How to import survey data
Source:vignettes/How-to-import-survey-data.Rmd
How-to-import-survey-data.Rmd
This article describes how to import survey data from SAS into R. Non-survey data can be imported as well.
Generally speaking, you only need to import a data system from SAS into R once. After it has been imported, use the R version of the data, and share it with others.
SAS data file
The first step is to obtain the SAS data file that you would like to
import. In this example, we will use a file called
namcs2019_sas.sas7bdat
. This is the SAS data file for the
National Ambulatory Medical Care Survey (NAMCS) 2019 Public Use File
(PUF). For more information, and the location from which this SAS data
file can be downloaded, see nchsdata::namcs2019
.
SAS formats data file
Next, you need to create a SAS formats data file. This is a SAS data
file with information about formats; it should not be confused with a
SAS catalog file. This formats data file is generated in SAS using the
PROC FORMAT
command with the CNTLOUT
option,
as follows:
LIBNAME project 'c:\output';
PROC FORMAT CNTLOUT=project.formats_dataset;
VALUE AGERF
1 ='Under 15 years'
2 ='15-24 years'
3 ='25-44 years'
4 ='45-64 years'
5 ='65-74 years'
6 ='75 years and over'
;
/* ... */
RUN;
SAS saves the formats data file in the folder specified by the
LIBNAME
command.
Look for a specialized function
In importsurvey
, there are several functions named
import_sas_*
. See if any of these functions is specifically
designed for importing your survey or another survey that has
the same survey design variables.
To see the available function:
library(importsurvey)
help(package = "importsurvey")
Since we are trying to import NAMCS 2019 PUF, we notice a function
called import_sas_namcs2019puf
. When we check help for this
function, we see that this is exactly the correct function to use.
import_sas_namcs2019puf
can be used to import NAMCS 2019
PUF or any other survey that has the same survey design
variables. For example, the same function can be used to import another
survey, called NHAMCS ED 2020 PUF. (For more info on this survey, see
nchsdata::ed2020
.)
If a specialized function does not already exist, we will cover that scenario below.

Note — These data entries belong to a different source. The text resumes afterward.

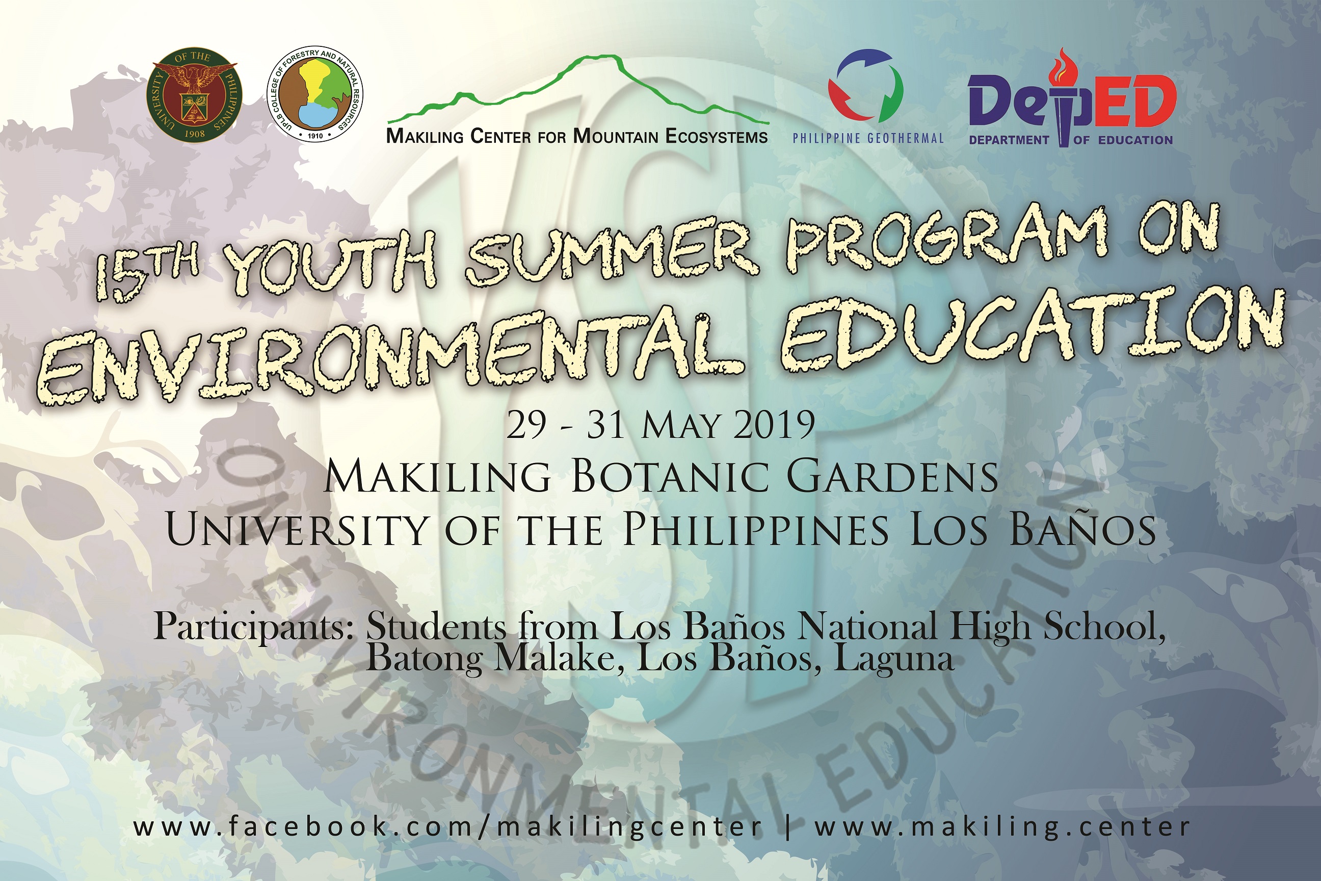Welcome Participants to the 15th Youth Summer Program on Environmental Education 2019!
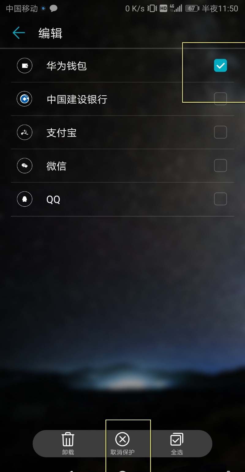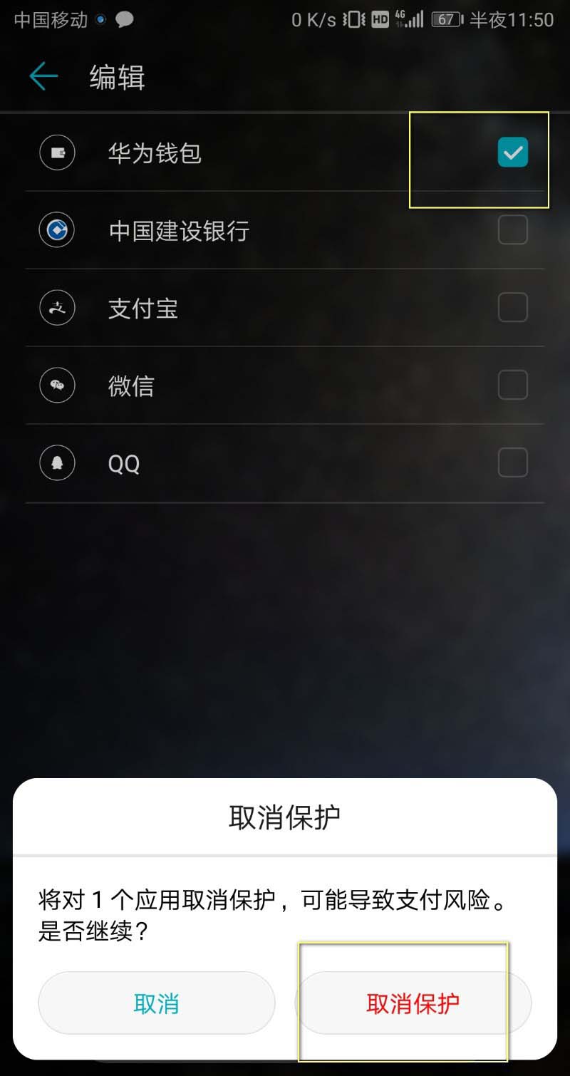 以上就是华为支付宝保护中心取消保护应用的方法,希望大家喜欢,请继续关注脚本之家。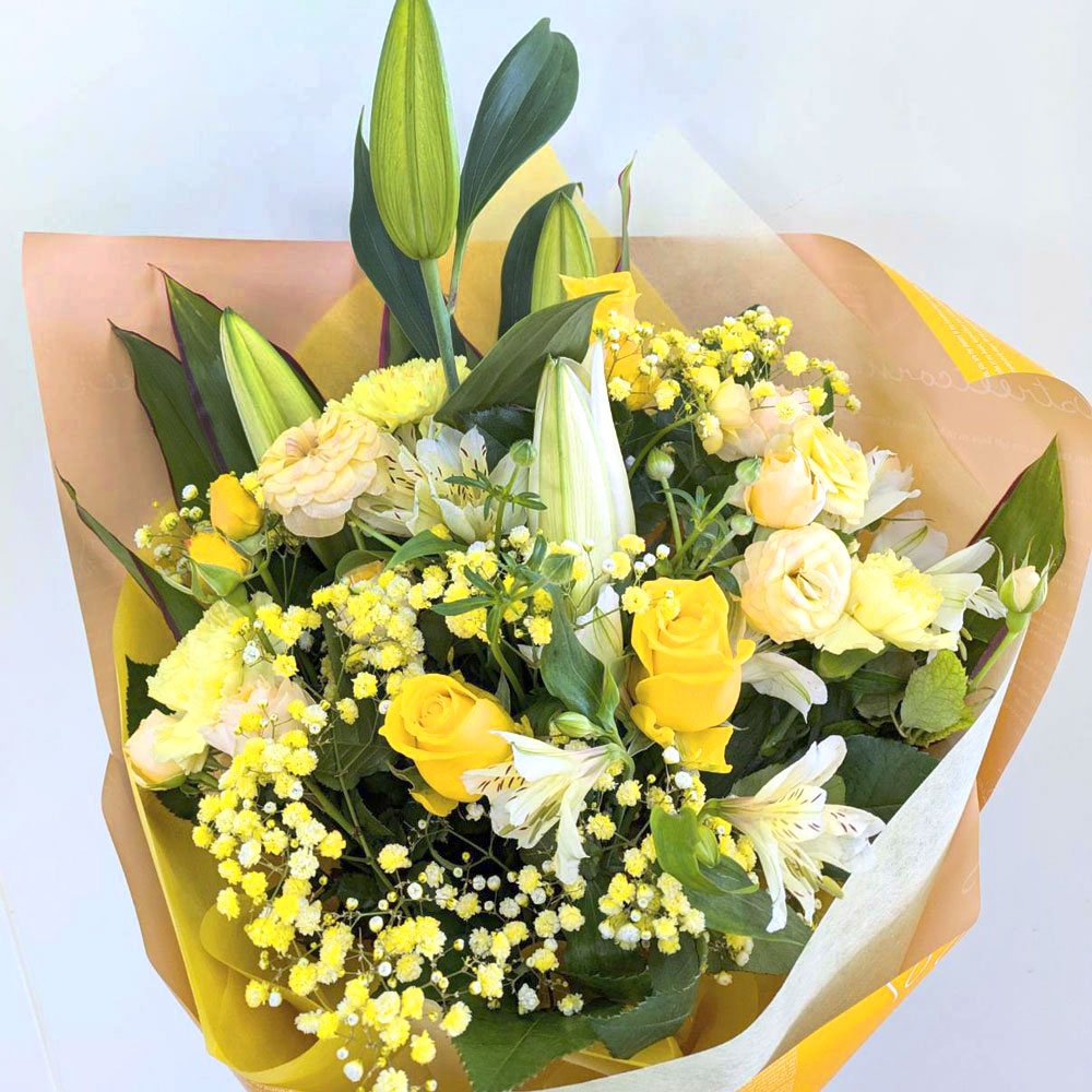 #652 花束 イエロー・オレンジ系 全国発送可 6,700円 サイズ(高さ×幅) 70×35cm カタログに掲載しているお花は、季節や入荷状況により全く同じ花材をご用意できない場合がございます。その際は、できるだけ雰囲気を損なわないよう、似たお花で代わりをご提案させていただきます。あらかじめご了承ください。 カタログ表記の価格には送料等の別途請求金額は含まれておりません。 ご希望の商品の画像をご指定または商品番号をお伝え下さい。

Use the specialized function
Specify the following information:
- the SAS survey data file
- the SAS formats data file
- the name of an
.rds
file to be created. This file can be read later withreadRDS()
. - a short name for the survey
import_sas_namcs2019puf(sas_data = "namcs2019_sas.sas7bdat"
, sas_formats_data = "namcs_formats_dataset.sas7bdat"
, r_out = "namcs_2019_puf.rds"
, label = "NAMCS 2019 PUF")
The survey name, specified by the label
argument, is
important. It is used by functions in the surveytable
package to allow the user to verify that they are analyzing the correct
survey.
The above command will likely print some messages that list certain kinds of variables. Check all messages to see whether anything is unexpected, which could indicate a mistake.
Variables that have no format. Did you intend for
these variables to not have a format? In this list, you expect to see
survey design variables (such as PATWT
) and numeric
variables (such as NUMMED
).
Format applies only to some values, created multiple version of variable.
Some numeric variables contain actual values as well as certain
“special values”, which often indicate some kind of missingness. For
example, consider the BMI
(body mass index) variable. Some
observations have the actual value of BMI, such as 25, while other
observations have a “special value”, which is one of the following: -9,
meaning “Missing data”; -7, meaning “Not calculated”; or -5, meaning
“Height or weight outside acceptable ranges”.
When importsurvey
encounters such a variable, in
addition to the original variable, it creates two more variables, as
follows. The analyst should use the version of the variable that is
appropriate to their specific analysis.
-
X.nospecial
: a numeric variable in which all values specified in the formats are converted to missing values (NA
) – only the “non-special” values are retained; and -
X.special
: a factor variable in which all values not specified in the formats are given a value of “Other”. (For BMI, a categorical variable, with categories being “Missing data”, “Not calculated”, “Height or weight outside acceptable ranges”, and “Other”.)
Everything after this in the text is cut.